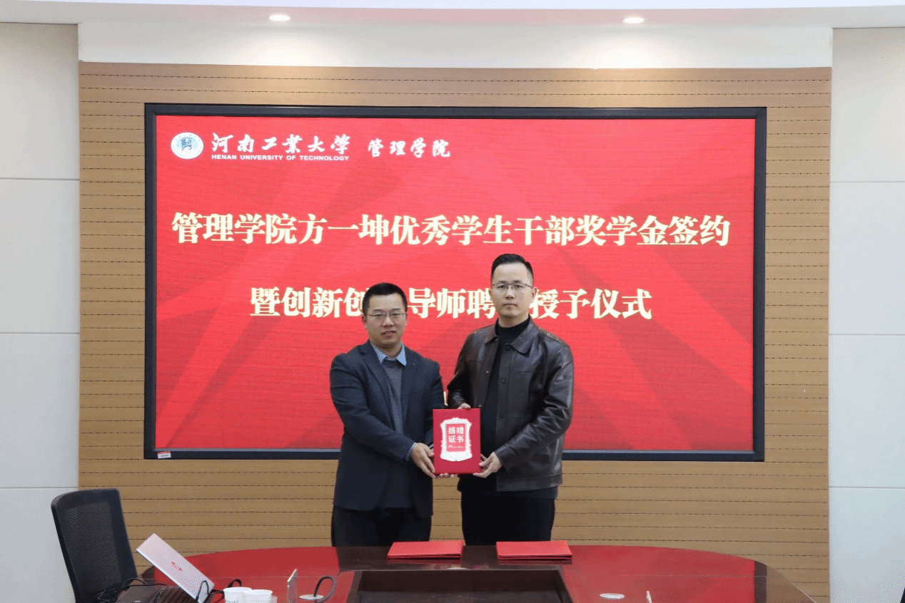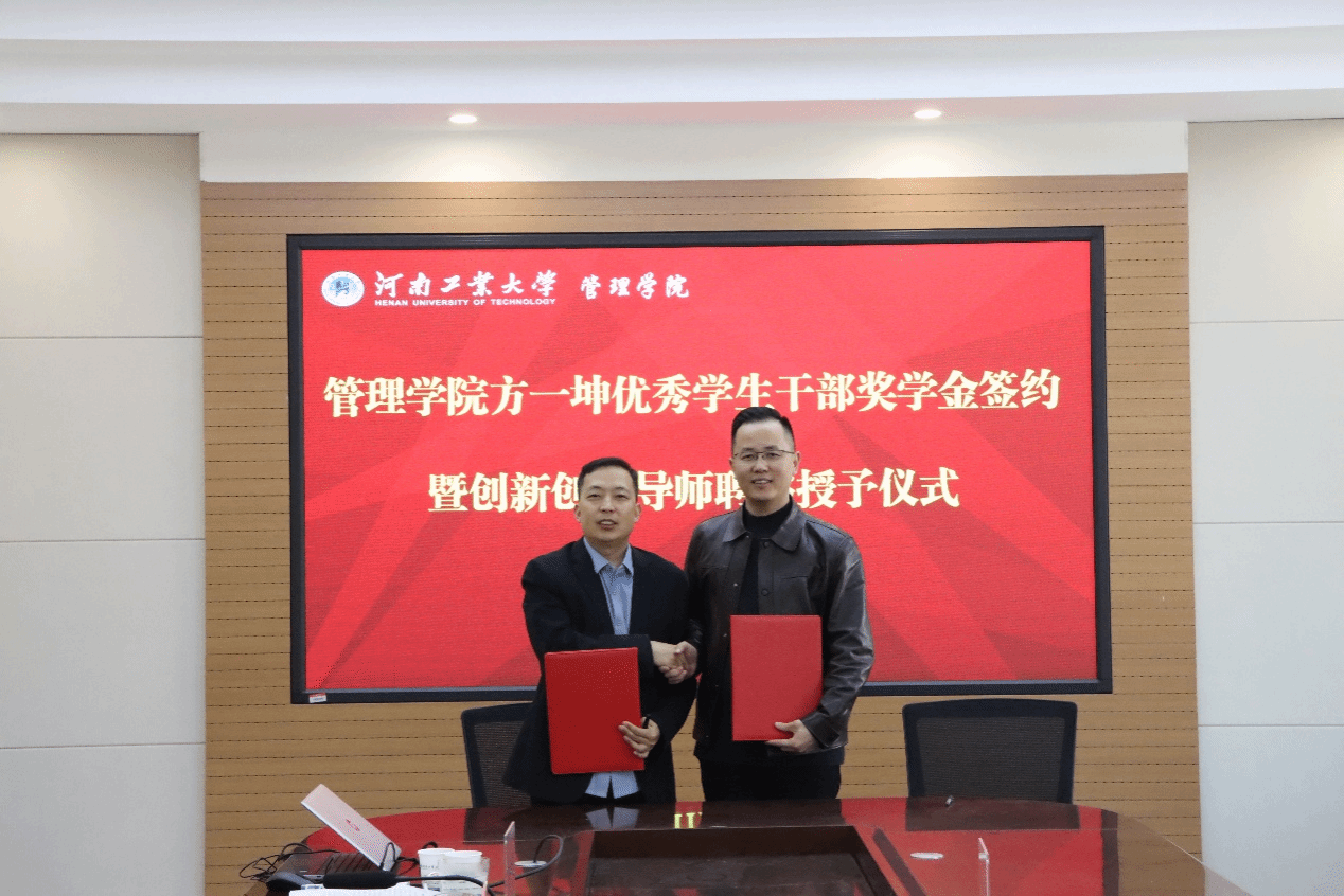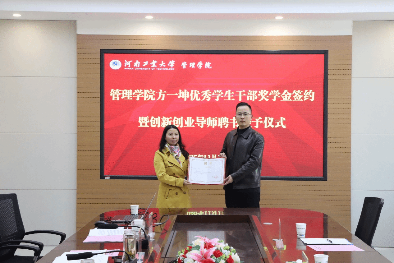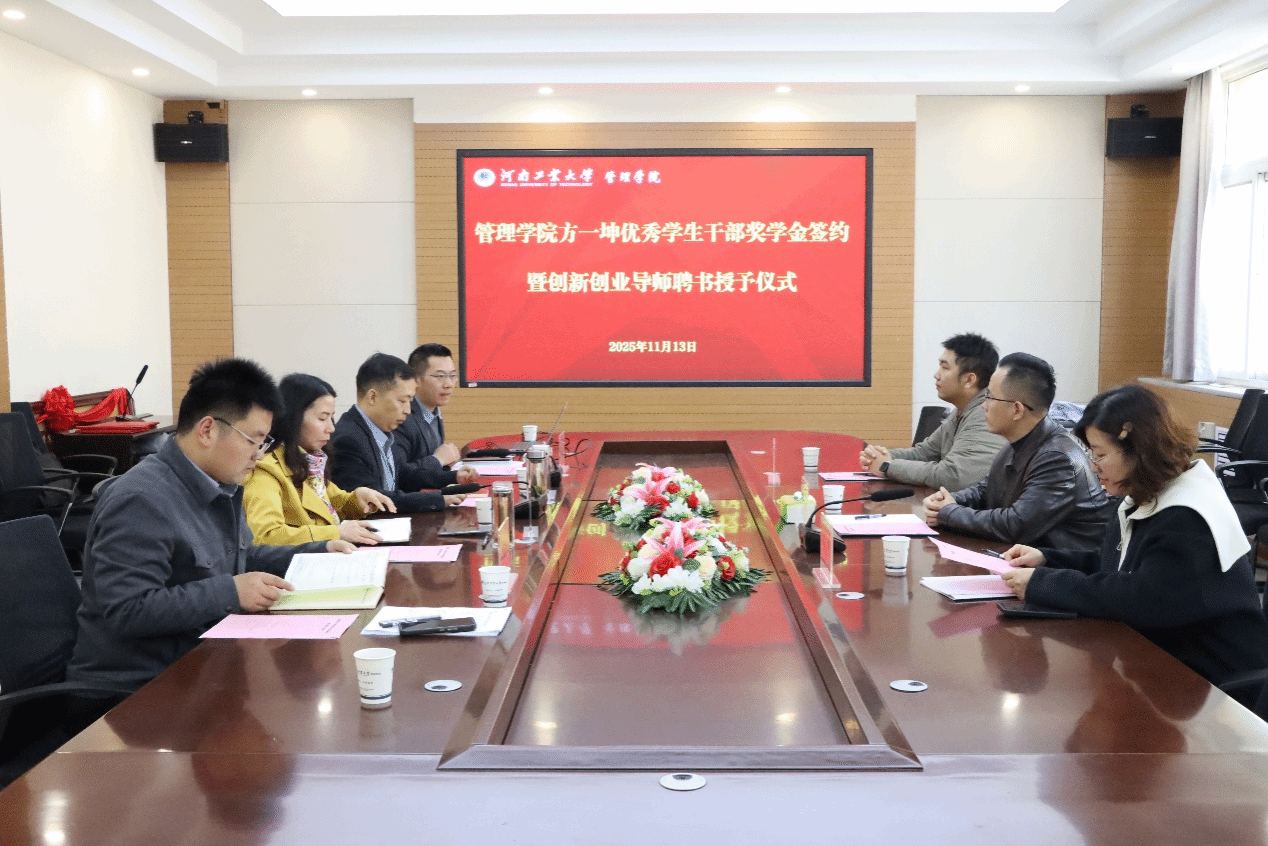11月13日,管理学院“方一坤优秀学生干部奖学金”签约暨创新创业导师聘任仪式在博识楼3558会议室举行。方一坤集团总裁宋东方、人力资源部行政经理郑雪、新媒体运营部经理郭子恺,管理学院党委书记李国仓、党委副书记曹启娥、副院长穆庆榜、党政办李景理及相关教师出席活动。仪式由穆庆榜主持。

┄┄┄┄┄┄┄┄┄┄

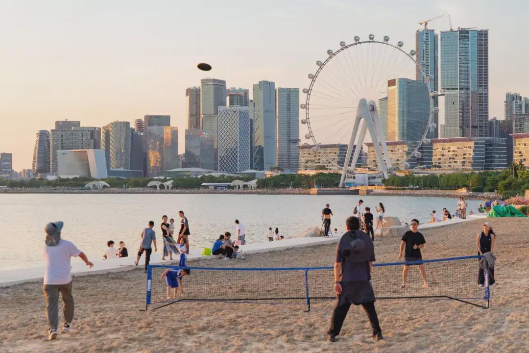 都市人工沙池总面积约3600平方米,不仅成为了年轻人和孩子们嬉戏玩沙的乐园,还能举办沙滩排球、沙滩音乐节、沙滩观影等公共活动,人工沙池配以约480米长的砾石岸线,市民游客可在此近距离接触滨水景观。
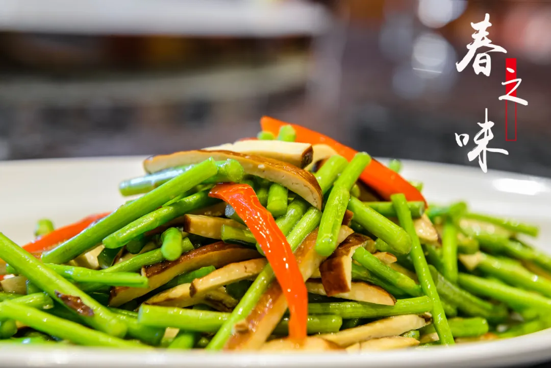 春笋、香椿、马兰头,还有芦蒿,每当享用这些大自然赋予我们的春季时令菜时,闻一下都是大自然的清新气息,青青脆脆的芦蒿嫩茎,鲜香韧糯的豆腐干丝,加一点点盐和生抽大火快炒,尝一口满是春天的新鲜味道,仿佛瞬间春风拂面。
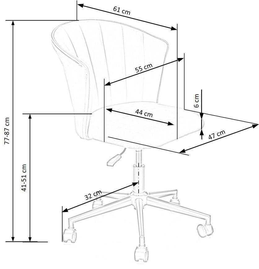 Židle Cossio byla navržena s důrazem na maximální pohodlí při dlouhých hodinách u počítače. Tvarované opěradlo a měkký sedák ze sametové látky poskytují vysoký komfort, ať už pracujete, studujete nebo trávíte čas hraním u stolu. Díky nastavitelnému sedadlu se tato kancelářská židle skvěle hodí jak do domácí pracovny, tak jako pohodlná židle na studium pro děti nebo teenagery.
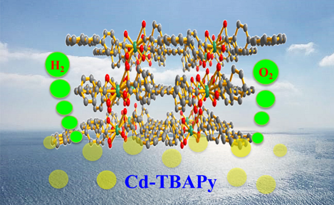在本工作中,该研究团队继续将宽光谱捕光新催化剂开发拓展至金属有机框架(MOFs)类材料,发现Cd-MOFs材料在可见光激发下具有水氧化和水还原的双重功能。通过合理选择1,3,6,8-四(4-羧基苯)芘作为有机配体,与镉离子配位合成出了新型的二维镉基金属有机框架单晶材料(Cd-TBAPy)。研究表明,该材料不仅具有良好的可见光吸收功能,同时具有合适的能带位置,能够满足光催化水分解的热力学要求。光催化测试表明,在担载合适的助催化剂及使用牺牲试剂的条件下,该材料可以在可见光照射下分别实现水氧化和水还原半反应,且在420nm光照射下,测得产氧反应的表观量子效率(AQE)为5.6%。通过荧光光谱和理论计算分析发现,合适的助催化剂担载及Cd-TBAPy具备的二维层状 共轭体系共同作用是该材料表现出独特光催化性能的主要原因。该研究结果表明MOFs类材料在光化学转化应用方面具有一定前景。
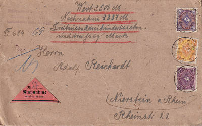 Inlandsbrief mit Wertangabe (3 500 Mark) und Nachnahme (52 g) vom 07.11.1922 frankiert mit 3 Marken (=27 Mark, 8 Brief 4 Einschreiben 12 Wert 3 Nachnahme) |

┄┄┄┄┄┄┄┄┄┄

Here the job is to copy the listing above word for word, starting at the line with "都市人工沙池总面积约3600" and ending at the line with "春笋、香椿、马兰头,还有芦蒿", and to leave out the pictures.

 都市人工沙池总面积约3600平方米,不仅成为了年轻人和孩子们嬉戏玩沙的乐园,还能举办沙滩排球、沙滩音乐节、沙滩观影等公共活动,人工沙池配以约480米长的砾石岸线,市民游客可在此近距离接触滨水景观。
 春笋、香椿、马兰头,还有芦蒿,每当享用这些大自然赋予我们的春季时令菜时,闻一下都是大自然的清新气息,青青脆脆的芦蒿嫩茎,鲜香韧糯的豆腐干丝,加一点点盐和生抽大火快炒,尝一口满是春天的新鲜味道,仿佛瞬间春风拂面。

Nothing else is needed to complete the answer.